The problems were mostly at the other end, where Rio Ferdinand's loss suddenly looked critical, with Wes Brown and Mikaël Silvestre pulled all over the place. It was just as well that Phil Neville was diligent in front of them, though Roy Keane was less influential than usual; overall United, who had failed to score in their last two League games, against Wolves and Newcastle, looked like a team in need of a winter break.

Southampton's idiosyncratic manager, Gordon Strachan, has promised himself an extended break at the end of the season and may yet start it earlier. He refused to comment on reports he will shortly make way for Alain Perron, a French coach, surely destined to be known as Reggie, who took Troyes from Fourth Division to First in his native country before being sacked by Marseille after a poor run earlier this season.

Strachan was more concerned by the performance of the match officials and in particular the decision not to give Ruud van Nistelrooy offside just before the winning goal. As the free-kick in question should have been a penalty, that particular complaint needed to be taken with a good dose of salt, but the little Scot's sense of grievance was understandable in the circumstances; which were that his side deserved a point and might have achieved their first League victory at the ground since January 1988.

Twice close to taking the lead before Saha marked his fine debut with a deflected opening goal, they fought back spiritedly from 2-0 down to equalise and before the finish were denied parity again only by one of the saves of the season from Tim Howard.

Strachan's ire had been aroused early by waking up to see the referee, Graham Barber, on Sky Sports' Soccer AM. "I saw him laughing and joking before the game," he complained. "Just let them turn up and referee."

When Mr Barber did, he apparently allowed Keane choice of ends as well as the kicking-off, which hardly improved the visitors' mood.

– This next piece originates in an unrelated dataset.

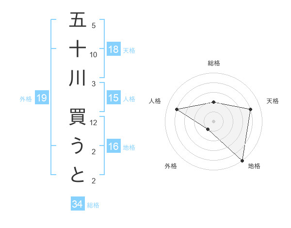 五十川 買うとさんの総格は34画の2点!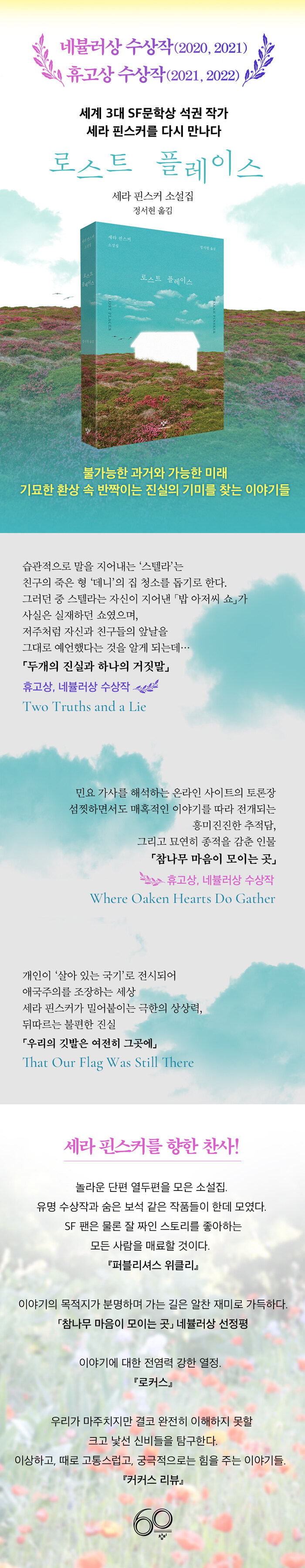 Çʸ³ K.µñ»ó, ³×ºæ·¯»ó, ÈÞ°í»ó, ·ÎÄ¿½º»ó µî ÃÖ°íÀÇ SF¹®ÇлóÀ» ÈÛ¾µ¸ç ¼¼°èÀûÀÎ ½ºÅ¸ ÀÛ°¡ÀÇ ¹Ý¿¿¡ ¿À¸¥ ¼¼¶ó ÇɽºÄ¿ÀÇ ¡º·Î½ºÆ® Ç÷¹À̽º¡»(Á¤¼Çö ¿Å±è)°¡ Ãâ°£µÇ¾ú´Ù. 2025³â Ãâ°£µÈ ¡º¾ðÁ¨°¡ ¸ðµç °ÍÀº ¹Ù´Ù·Î ¶³¾îÁø´Ù¡» ÀÌÈÄ ±¹³»¿¡ ¼±º¸ÀÌ´Â ÀúÀÚÀÇ µÎ¹øÂ° ¼Ò¼³ÁýÀ¸·Î, º»°ÝÀûÀ¸·Î ¹«¸£ÀÍÀº »ó»ó·ÂÀÌ SF, ¼³È, ÆÇŸÁö¸¦ Á¾È¾¹«ÁøÇÏ¸ç ¿Õ¼ºÇÏ°Ô »¸¾î³ª°¡´Â »ý»ýÇÑ È°±â¸¦ ´À³¥ ¼ö ÀÖ´Ù. ÈÞ°í»ó°ú ³×ºæ·¯»óÀ» ¿¬´Þ¾Æ ¼ö»óÇÑ ¡¸µÎ°³ÀÇ Áø½Ç°ú ÇϳªÀÇ °ÅÁþ¸»¡¹ ¡¸Âü³ª¹« ¸¶À½ÀÌ ¸ðÀÌ´Â °÷¡¹À» ºñ·ÔÇØ ÃÑ 12ÆíÀÌ Çѵ¥ ¸ð¿© ÀÖ´Ù. ½Ã°ø°£°ú Çü½ÄÀ» ³Ñ³ªµé¸ç Çö½Ç°ú ¼»ç¸¦ ÀÌÀ½¸Å ¾øÀÌ Àý¹¦ÇÏ°Ô ¿¬°áÇØ³½ ¡°À¯¸í ¼ö»óÀÛ°ú ¼ûÀº º¸¼® °°Àº ÀÛǰµé¡±Àº ºñ´Ü SF¹®ÇÐ µ¶ÀÚ»Ó ¾Æ´Ï¶ó À̾߱âÀÇ ÈûÀ» ¾Æ´Â ¸ðµç µ¶ÀÚ¸¦ ¸Å·áÇϱ⿡ ¸ðÀÚ¶÷ÀÌ ¾ø´Ù. ¡°ÀÌ»óÇϰí, ¶§·Î °íÅ뽺·´°í, ±Ã±ØÀûÀ¸·Î ÈûÀ» ÁÖ´Â À̾߱⡱(¡ºÄ¿Ä¿½º ¸®ºä¡»)µé·Î °¡µæÇÑ, ¼¼¶ó ÇɽºÄ¿¸¸ÀÇ ±â¹¦ÇÏ°í ¾Æ¸§´Ù¿î °¡´É¼ºÀÇ ¼¼°è°¡ ´Ù½Ã±Ý ȯ»óÀûÀÎ Æ÷¹®À» ¿¾ú´Ù. Ä«À̽ºÆ® µðÁöÅÐÀι®»çȸ°úÇкΠÁ¤¼Çö ±³¼ö°¡ ÀüÀÛ¿¡ ÀÌ¾î ¶Ç Çѹø ¼¼¶ó ÇɽºÄ¿ÀÇ ´Ùä·Î¿î ¼¼°è¸¦ Çѱ¹ µ¶Àڵ鿡°Ô ¼Ò°³ÇÑ´Ù.

Nor did narrowly missing two chances in the first 10 minutes. Graeme Le Saux created the first for Rory Delap with an angled pass that caught the defence dozing; Howard was sharper, saving with his legs.

Paul Scholes, playing wide on the left in Ryan Giggs' absence, then allowed himself to be dispossessed as Howard quickly threw the ball to him, Jason Dodd returning it a fraction wide of the far post as the keeper scrambled back.

Saha had endeared himself to Old Trafford from the start, dropping a little deeper than Van Nistelrooy, to excellent effect. In the first 90 seconds there was a dart forward, given offside, then some much-appreciated foraging back and a deft touch or two as United moved forward. In the 13th minute his clever chip was only just too far ahead of Van Nistelrooy and five minutes later came the first of the day's offerings for the Dubious Goals Committee.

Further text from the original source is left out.